Another time, I was on a road trip across the country trying to stay ahead of what I thought were those pesky, malicious authorities pursuing me. As I was driving through the state of Utah I came across a scenic overview with a pass to pull over and take in a particularly striking canyon. I decided on the spur of the moment to take a break and take advantage of the natural beauty of the American West. I pulled my car over from the roadway and hiked in a little to a large flat-topped cliff where I sat down to appreciate the colors and rock formation up and across the hills. But pretty quickly I noticed something disturbing. I could see that the view was striking. I could see that it was what we might call magnificent, but I didn’t have any feelings corresponding to that recognition. It brought me no joy to look at the wildly beautiful landscape. I saw that the rocks were extraordinary and wonderfully colored in shades of orange, peach, and red. But in response to that, I felt nothing. I had no emotion to correlate with what I perceived. I felt absolutely zero about how gorgeous the spiraling colors of the canyon were. I was horrified. I was sick at heart. What was wrong with my mind or my very being? I had no idea I was experiencing anhedonia. I’d never even heard of anhedonia.

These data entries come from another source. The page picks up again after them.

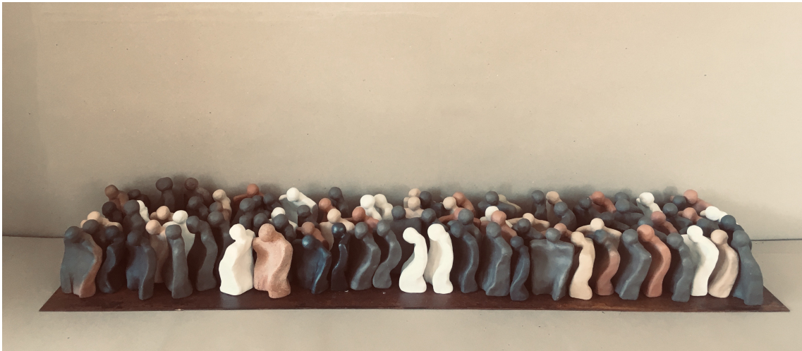
Fig. 17. Desolación (2019), hierro y cerámica, 9.5x102x24 cm.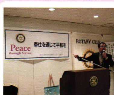
7月25日 夜間例会 「納涼ビールパーティー」

今年度初めての夫人同伴夜間例会において鶴喰会長からご夫人方へ今年度のR1テーマについての詳しい説明がありました。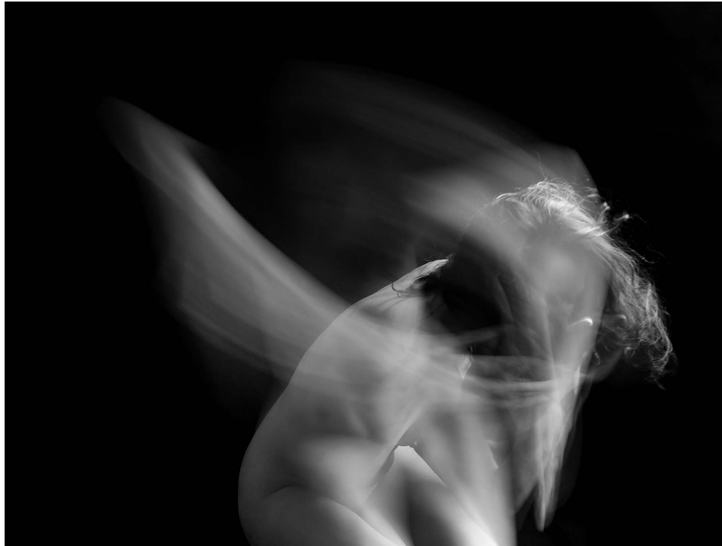
Nasilje nad ženskami 5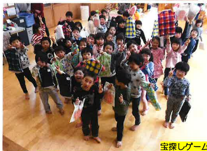
宝探しゲーム・散歩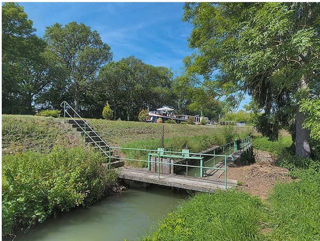
La rigole avec les vannes de régulation. A gauche, le talus du canal.

21, Vandenesse-en-Auxois, lieudit : Panthier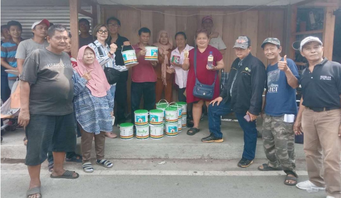
Pedagang Pasar Loak Poncol, Senen, terima bantuan cat pascakebakaran.

JAKARTA – Sebanyak 57 pedagang di Pasar Loak Poncol yang menjadi korban kebakaran mendapatkan bantuan cat dan kuas dari Paguyuban Pedagang se-Jakpus dan pengurus Lokasi Sementara (Loksem) JP Nomor 37 dan 38 Pasar Poncol Kelurahan Bungur, Kecamatan Senen, Jakarta Pusat.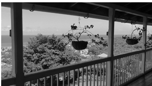
写真9 Greenwood Great House ② (バルコニーからカリブ海を望む)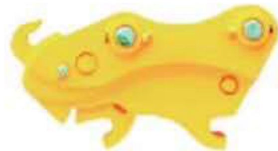
快速连接器 Quick Hitch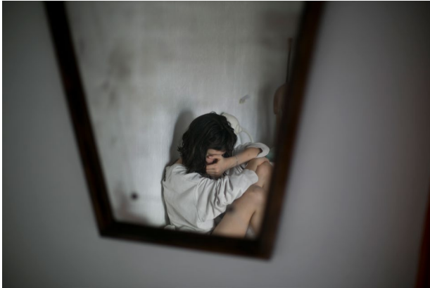
Duševno zdravje, Španija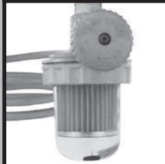
汚れたフィルター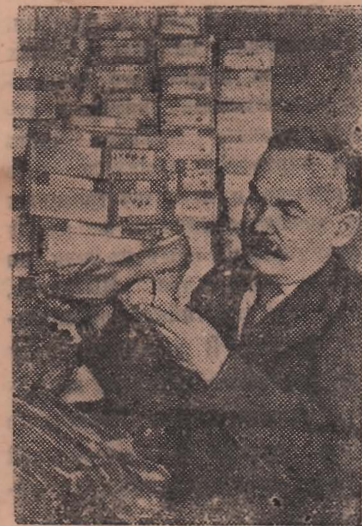
Московская ордена Ленина обувная фабрика «Буревестник» возобновила выпуск дамской модельной обуви из цветного шевро.

Другая группа экскурсантов отправилась из Туапсе в путешествие по берегу Черного моря. Они посетят Сочи, Мацесту, Адлер. Большая группа туристов из Таганрога, Новороссийска и других городов пройдет по местам недавних боев — вдоль бывшей линии Миус-фронта, побывает на Таманском полуострове. (ТАСС).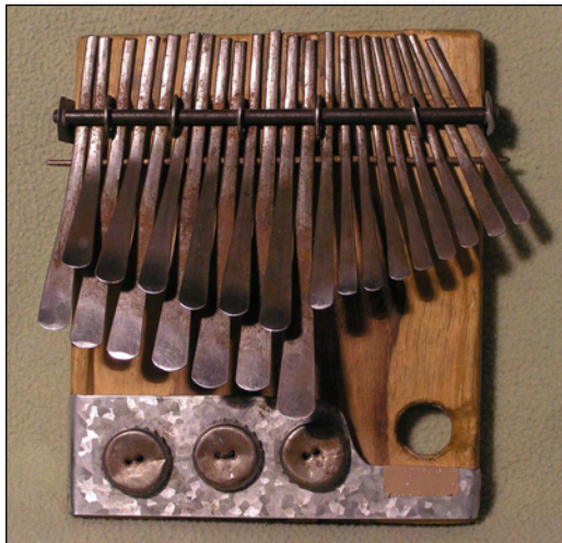
Fig. 1. «Shona Mbira dza Vadzimu»

go, la zona de interacción cultural definida por el «mbira» se limita a la etnia Bantú y sus territorios colindantes de la República Centroafricana y la región Igbo de Nigeria en el continente africano. La presencia de este instrumento en las diferentes partes del mundo no puede considerarse permanente y en la mayoría de los casos no forma parte integral de las actividades culturales habituales de las áreas culturales donde se ubica. Encontramos numerosos ejemplos en África y en otros territorios con diferentes elementos culturales, pero la zona de interacción cultural definida por cada uno de ellos tiene en cuenta una serie de factores y de fenómenos que van más allá de la mera presencia en dichos territorios de esos elementos culturales. Aunque el mundo se ha estrechado con la evolución de la tecnología, la explicación de la diseminación de cualquier elemento cultural se explica mejor desde un punto de vista difusionista que desde uno evolucionista. Los materiales culturales de África se encuentran fácilmente en Asia, América y Europa, donde se han difundido, entre otras vías, a través de los turistas y de los aficionados.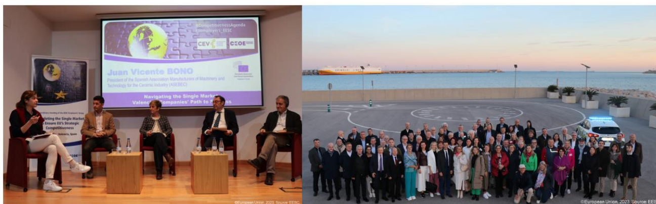
Conferencia sobre competitividad y mercado único del Grupo I CESE, en la sede de la CEV, y foto grupal durante la visita al puerto de Valencia del Grupo I Empresarios del CESE. (27-28/11/23)

Los miembros del Grupo I visitaron también el puerto de Valencia y la iniciativa Marina de Empresas así como algunas de las start-ups que forman parte de esta.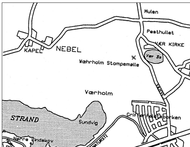
Stampemøllens placering vest for Vær sø.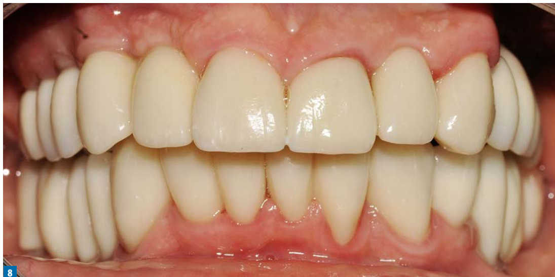
Fot. 8. Mosty i korony na podbudowie z tlenku cyrkonu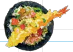
Tempura Shrimp 350yen 天ぷらシュリンプ Crispy Fried Shrimp, Chilli Mayo

Running it over in my mind I came to the very quick conclusion that the enemy was using mind control to turn me into a zombie. A real-life, brain-eating, drooling, vicious zombie. Because everyone knows a zombie has no feelings and here was direct evidence that my emotions were disentangled from my very being. Now, I was a PhD candidate at my university. And yet I found it perfectly logical and reasonable that an evil presence would use some kind of unthinkable, invisible, mind ray to create monsters whose only province for me before had been on TV. I was literally petrified. I understood that only a zombie wouldn’t feel the grandeur of beauty and I gave in to the delusion that there existed monsters who were used as top-of-the-line assassins in order to threaten a population. I thought if I weren’t careful, I would soon be a monster too. I was deeply unsettled, and distressed. I definitely didn’t want to be a zombie assassin.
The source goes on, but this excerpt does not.